Source records
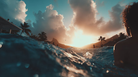 A persons silhouette is seen from a low angle in the ocean waves, watching the sun set behind a tropical island with palm trees and dramatic clouds.
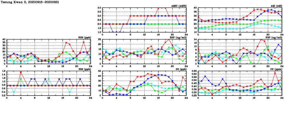 | Air Quality Data Time Series in Tseung Kwan O (2020/09/21) | ( Line colors: Day -3 Day -2 Day -1 Current day ) | 2D Map Current AQHI |
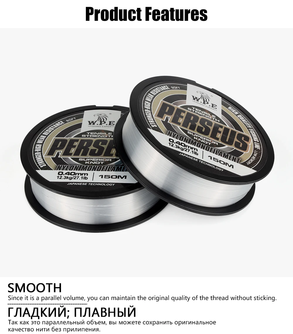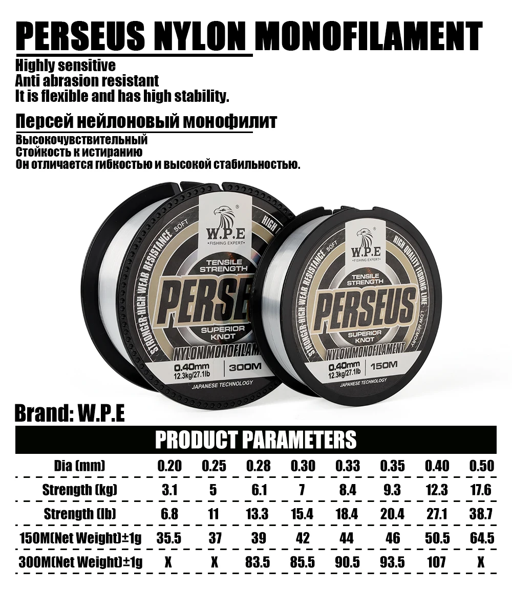W.P.E 300m Nylon Fishing Line 0.28mm-0.40mm 13.3lb-27.1lb Monofilament Main Line Level Sinking Fishing Line Bass carp Fishing
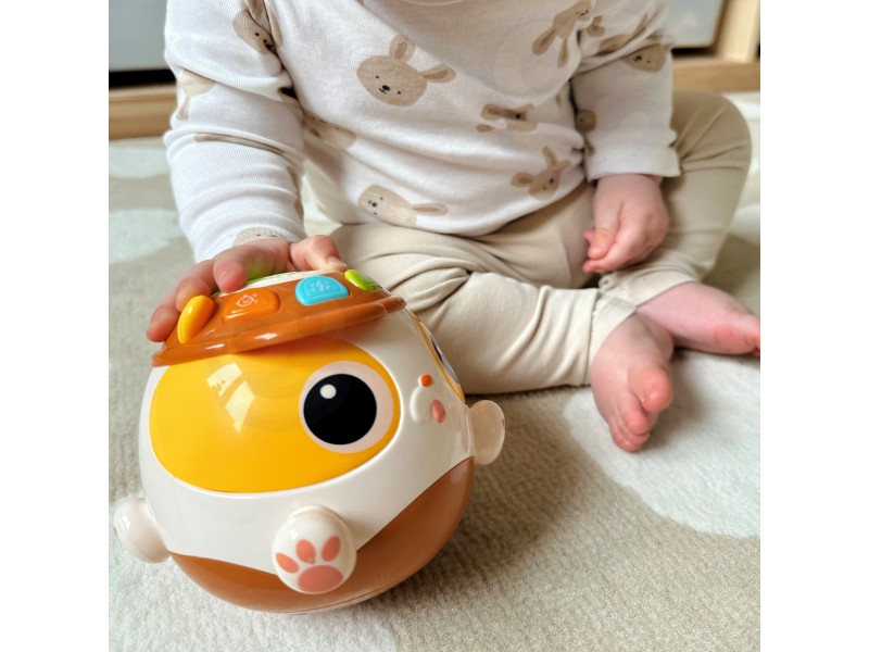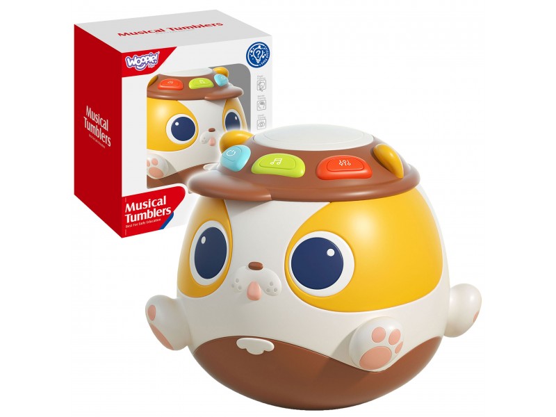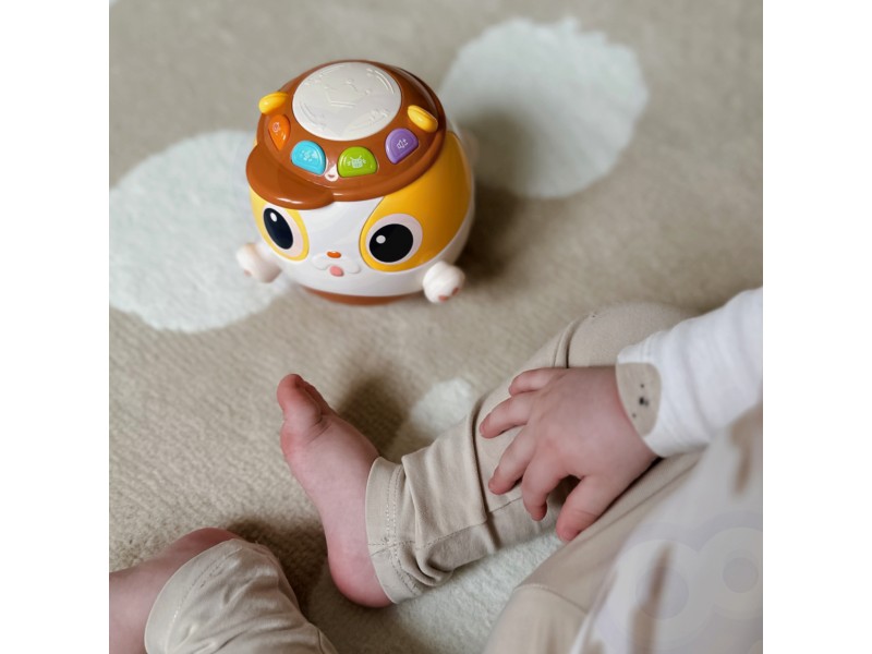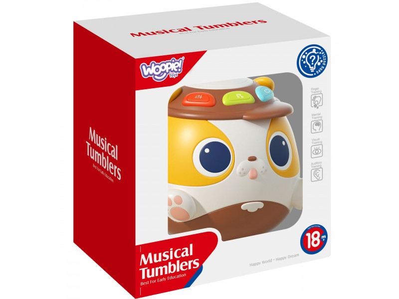 Muzikinis kamuolys-šuniukas yra interaktyvus prekės ženklo WOOPIE žaislas, sukurtas suteikti džiaugsmą ir lavinti mažylius. Šis grojantis kamuolys turi specialius mygtukus, kuriuos paspaudus aktyvuojami garsai, stimuliuojantys klausos pojūtį. Muzikinis šuniukas idealiai tinka vaikams nuo 18 mėnesių amžiaus. Jis pagamintas iš saugaus, aukštos kokybės plastiko ir pasižymi šviesos efektais, kurie skatina regos vystymąsi. Tai puikus pasirinkimas norint lavinti vaikų motorinius įgūdžius per žaidimą.
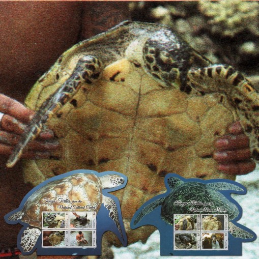 Seria w dwóch blokach o kształcie żółwi, na znaczkach której widnieją żółwie w Narodowym Centrum Kultury w Nuka’alofa.
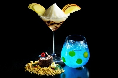 ティム・バートンの代表作にある「ブルーガールとワイン」や「絶滅寸前」からインスピレーションを 得たカクテル。アップルブランデーとチョコレートを使用した甘酸っぱい、デザート感覚のフローズン カクテルです。最初はそのままで、最後はチョコレートソースと混ぜながらお愉しみください。
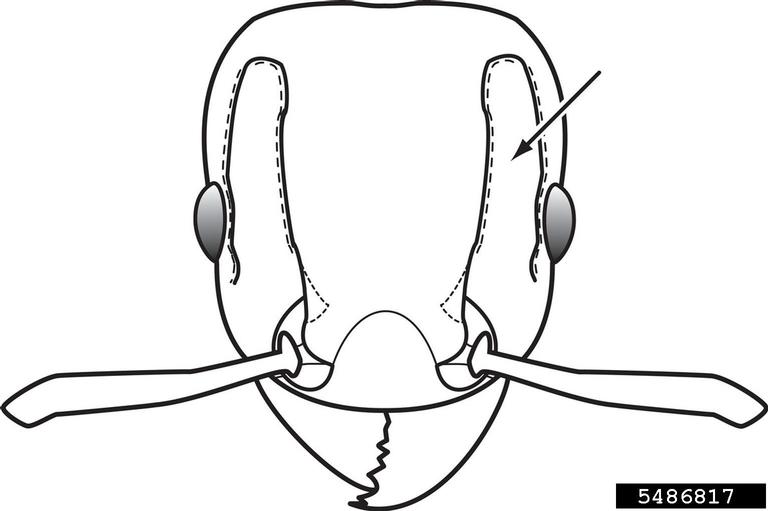Used to distinguish Tetramorium simillimum from Tetramorium caldarium, but can be very subtle and difficult to observe. In the former species, the antennal scrobe is more strongly impressed, and the frontal carina remains a distinct outside border of the scrobe, even at its most posterior section.
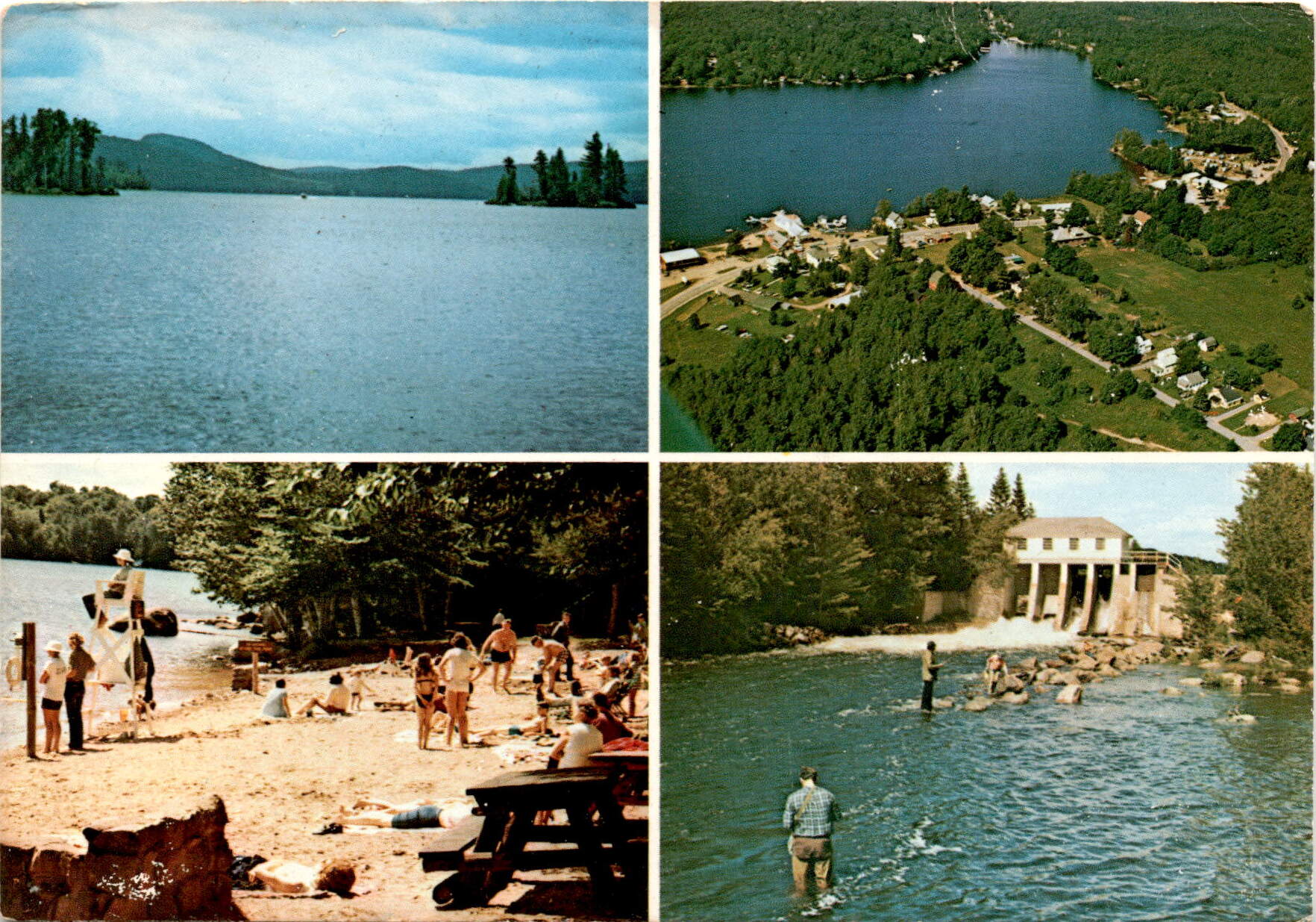 Back of PostcardCranberry Lake, located in the heart of the Adirondack Mountains, is a popular recreation resort. Visitors can enjoy staying in housekeeping cottages, motels, or hotels, and there are also marinas, restaurants, gift shops, and stores available. Outdoor activities include hiking, water skiing, and fishing for small mouth bass and trout. Hunting is also available during the appropriate season. The Cranberry Lake Chamber of Commerce promotes the area, and the postcard features photos taken by Dwight Church from Canton, N.Y.

• _Required work_:
Begin with the first line of the entries above and write out each line exactly, ending with the line containing "Muzikinis kamuolys-šuniukas yra". Leave out pictures.

• _Your solution_:
 A persons silhouette is seen from a low angle in the ocean waves, watching the sun set behind a tropical island with palm trees and dramatic clouds.
 | Air Quality Data Time Series in Tseung Kwan O (2020/09/21) | ( Line colors: Day -3 Day -2 Day -1 Current day ) | 2D Map Current AQHI |
W.P.E 300m Nylon Fishing Line 0.28mm-0.40mm 13.3lb-27.1lb Monofilament Main Line Level Sinking Fishing Line Bass carp Fishing
 Muzikinis kamuolys-šuniukas yra interaktyvus prekės ženklo WOOPIE žaislas, sukurtas suteikti džiaugsmą ir lavinti mažylius. Šis grojantis kamuolys turi specialius mygtukus, kuriuos paspaudus aktyvuojami garsai, stimuliuojantys klausos pojūtį. Muzikinis šuniukas idealiai tinka vaikams nuo 18 mėnesių amžiaus. Jis pagamintas iš saugaus, aukštos kokybės plastiko ir pasižymi šviesos efektais, kurie skatina regos vystymąsi. Tai puikus pasirinkimas norint lavinti vaikų motorinius įgūdžius per žaidimą.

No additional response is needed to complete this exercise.